DATA
• • • • • • •

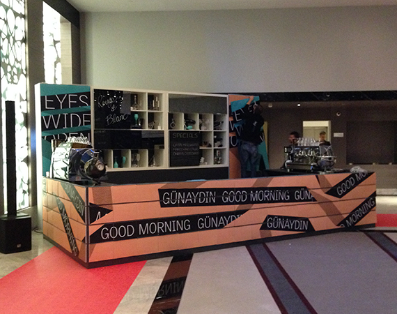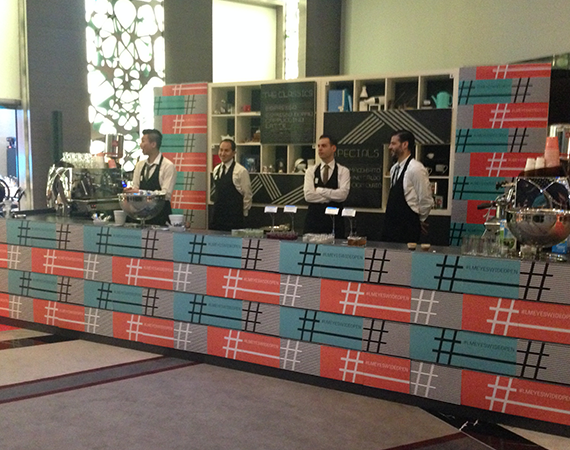 The environmental elements framed the LM brand's new visual identity. The stage graphics changed every day, with each day framing the day's message. The highlight was the transformational bar that came about as a lack of time for the theme changes required for the themed breaks. The bar's facade consisted of tearoff pads that had the day's graphics printed on them. With a short time between breaks the staff would tear off the sheets completely transforming the look and theme of the bar in minutes.
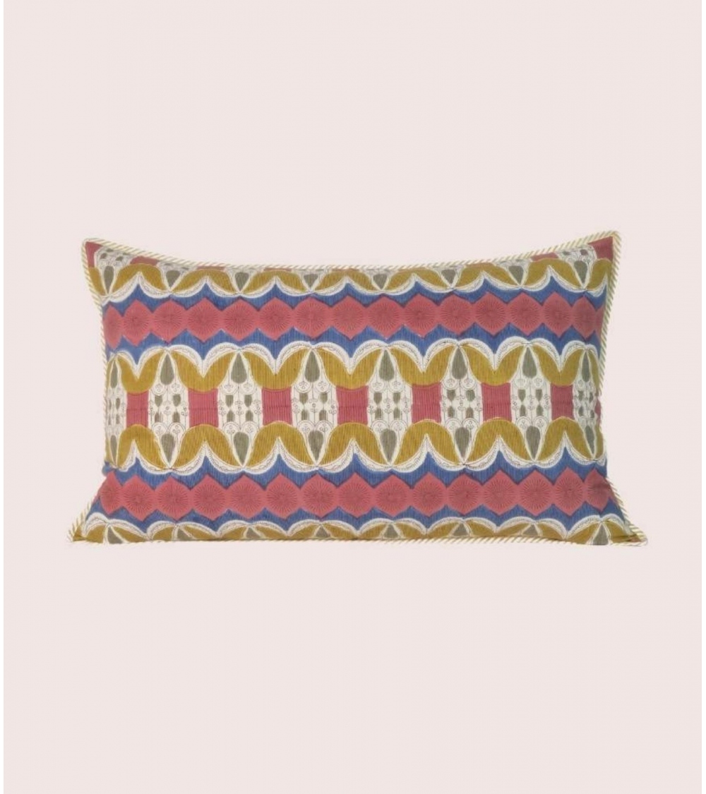 La housse de coussin DUBI arbore une palette lumineuse de couleurs, apportant une élégance bohème et poétique à votre décoration intérieure. Salon, Chambre, elle illumine tous les espaces. Assemblez motifs et couleurs pour une décoration envoûtante et un intérieur raffiné.
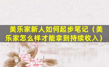 美乐家新人如何起步笔记(美乐家怎么样才能拿到持续收入)
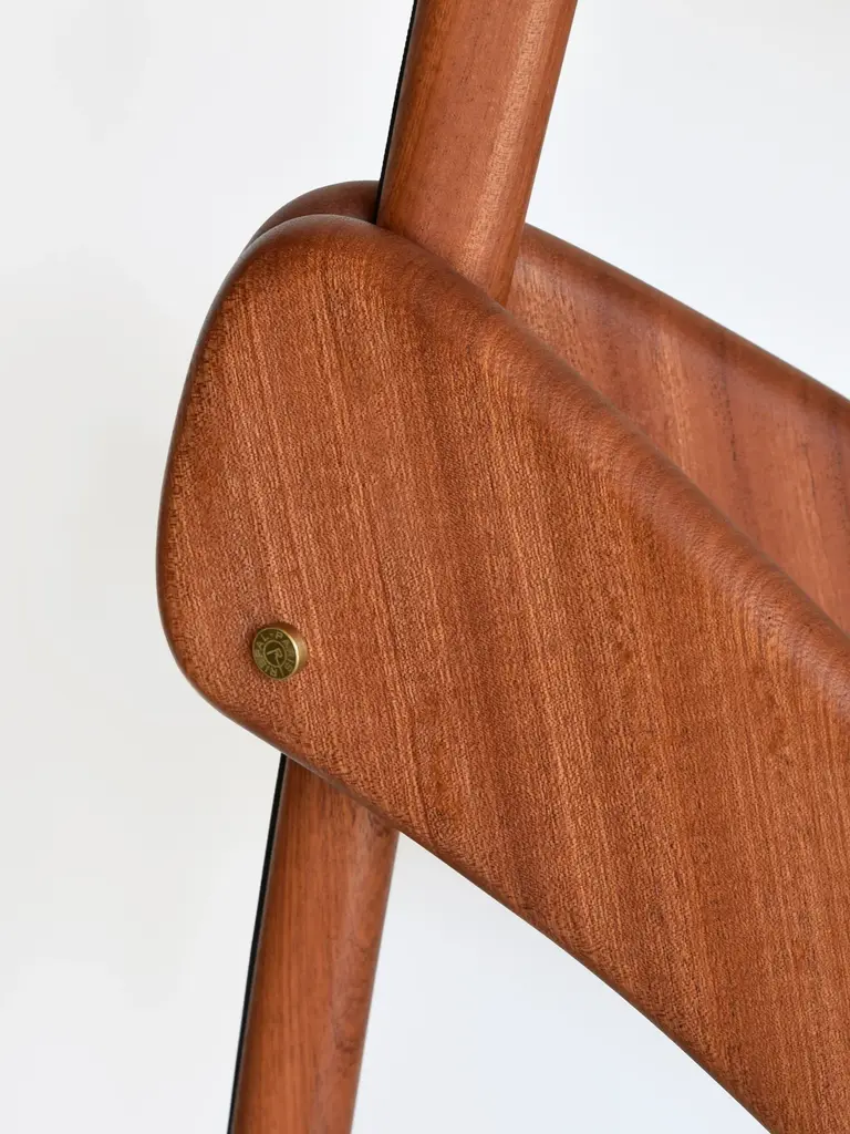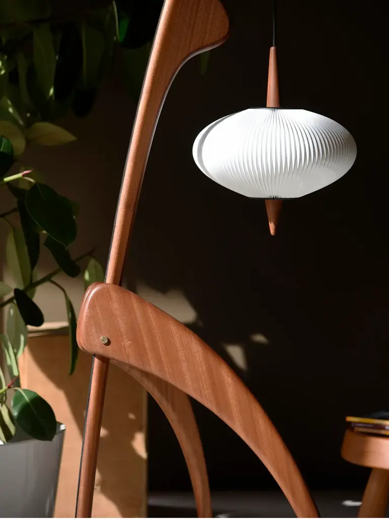 Large Rispal 'Praying Mantis' Sculptural Floor Lamp in Mahogany. The iconic model #14.950 was originally designed in 1950 by François Rispal. This newly produced authorized re-edition is executed in richly grained mahogany with a signed "Rispal" brass detail where the body and legs intersect. The shade is made from pleated cellulose acetate, consistent with the original material, and ingeniously shaped through a unique process developed by the Rispal house in the 1950s. Made in France using many of the same small-scale manufacturing techniques, scrupulous attention to detail, materials and craftsmanship as the original. The avant-gardism of Rispal is exemplified by the Praying Mantis, a name actually coined over the years by antique dealers and decorators. The 'Praying Mantis' has become a timeless and sculptural icon of the golden age of French design much sought after by collectors in the know. The Rispal brand was recently relaunched by Douglas Mont, a respected artist, lighting designer and passionate Rispal collector. After years of assiduous research and experimentation, he relaunched Rispal with the help of Clément Bergès and Georgette Rispal, daughter of the company founder, reviving iconic designs from the golden age of French furniture. Professionally modified for compatibility with US electrical. Ships with black cloth cord and US period-style wall plug. Accommodates 3x 5W G9 LED bulbs. Not UL listed. Three lamps in stock. Standard in-stock lead time 2-3 weeks. Out of stock can add additional 8 weeks or longer. Please note that availability can change at any time. Kindly inquire prior to placing time sensitive orders. Please note only one representative example shown in images. Wood grain can vary from item to item due to the organic nature of the material. Made to order.

• • • • • • •

TASK REQUIREMENTS
Pictures stay out; reproduce exactly the lines from the one containing "美乐家新人如何起步笔记(美乐家怎么样才能拿到持续收入)" through the last line of the listing, both included.

REPLY
 美乐家新人如何起步笔记(美乐家怎么样才能拿到持续收入)
 Large Rispal 'Praying Mantis' Sculptural Floor Lamp in Mahogany. The iconic model #14.950 was originally designed in 1950 by François Rispal. This newly produced authorized re-edition is executed in richly grained mahogany with a signed "Rispal" brass detail where the body and legs intersect. The shade is made from pleated cellulose acetate, consistent with the original material, and ingeniously shaped through a unique process developed by the Rispal house in the 1950s. Made in France using many of the same small-scale manufacturing techniques, scrupulous attention to detail, materials and craftsmanship as the original. The avant-gardism of Rispal is exemplified by the Praying Mantis, a name actually coined over the years by antique dealers and decorators. The 'Praying Mantis' has become a timeless and sculptural icon of the golden age of French design much sought after by collectors in the know. The Rispal brand was recently relaunched by Douglas Mont, a respected artist, lighting designer and passionate Rispal collector. After years of assiduous research and experimentation, he relaunched Rispal with the help of Clément Bergès and Georgette Rispal, daughter of the company founder, reviving iconic designs from the golden age of French furniture. Professionally modified for compatibility with US electrical. Ships with black cloth cord and US period-style wall plug. Accommodates 3x 5W G9 LED bulbs. Not UL listed. Three lamps in stock. Standard in-stock lead time 2-3 weeks. Out of stock can add additional 8 weeks or longer. Please note that availability can change at any time. Kindly inquire prior to placing time sensitive orders. Please note only one representative example shown in images. Wood grain can vary from item to item due to the organic nature of the material. Made to order.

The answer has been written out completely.